Writer and Director: Caroline Catz
This potentially fascinating docudrama about one of Britain’s most experimental composers begins well as Delia Derbyshire leaves Cambridge’s Girton College to join the BBC’s Radiophonic Workshop, but it get bogs down when it comes to her love affairs. Unfortunately, the unique sounds that Derbyshire made are too often relegated to the back seat.
Derbyshire is best known for the Dr Who theme tune, made in collaboration with Ron Grainer who provided a skeleton of the melody. Even now, her name is missing from the show’s credits.
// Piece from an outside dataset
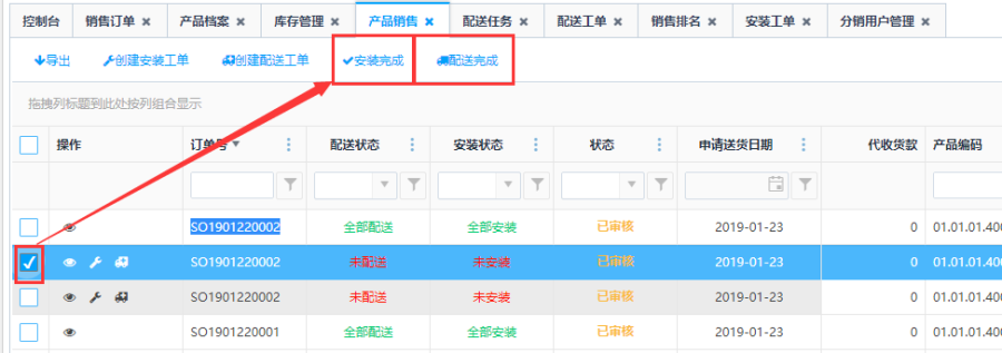 配送状态为"未配送"和安装状态为"未安装"时,勾选左边多选框,点击列表上方的<安装完成>和<配送完成>按钮,状态转变为"全部配送"和"全部安装",不生成配送工单和安装工单。

Her original version was one of the first electronic sounds to be heard on TV, and later collaborations with other musicians mean that she is often cited as a major influence on the electronic scene of the 1980s and 90s.
But when she first joined the Radiophonic Workshop, used by the BBC for making sound effects as well as incidental music for futuristic cartoons, ‘music’ was a banned word among the few quirky employees. ‘Don’t mention the M word’ she is told on her first day. While other countries such as Germany proclaimed these kinds of artists as avant-garde heroes, Derbyshire and her colleagues were seen as oddballs and their department was grossly underfunded.
Director Caroline Catz, who also plays Derbyshire in these reimagined scenes, mirrors the experimental work that the Workshop carried out and the makeshift methods that the employers used by casting a layer of theatricality into her film. The Workshop, resembling a recording studio, is shown clearly to be part of a film set where actors double up on roles. Catz makes do in the same way that the Workshop made do with its limited budget.
In these early scenes where we see Derbyshire working on her sounds, and where the history of this kind of music is traced right back to Francis Bacon (the philosopher rather than the artist) the story is gripping. The 1960s’ vision of a work-free future is both comical and frightening.
But the film gets caught up in her collaborations with David Vorhaus and Brian Hodgson, and the album they made at the Kaleidophon Studios under the name White Noise. As Derbyshire appears to get involved with drugs, alcohol and snuff, the film loses focus. This may be to underline her own loss of focus, as she falls behind in her work, but the film settles too long in this period and the rest of her life is rattled off too quickly at the end.
Interviews with various of her collaborators pepper this 100-minute film along with endless images of Catz riding a bicycle in front of a projected film as if she is Nerys Hughes in the BBC’s District Nurse of the 1980s. In the same studio where Derbyshire’s life is being recast, we see performance artist Cosey Fanni Tutti working with Derbyshire’s tapes and creating a soundtrack for the film. Cosey Fanni Tutti remarks that their lives are very similar, but without further information about her life, it’s hard for the audience to see this connection.
Derbyshire explains that her inspiration is the sound of the air raid sirens of the Second World War, and it’s easy to hear this influence in the Dr Who theme, which has become her most famous legacy. It was the sound of the future. But as this film, and its staging makes clear, this future was very much of it times.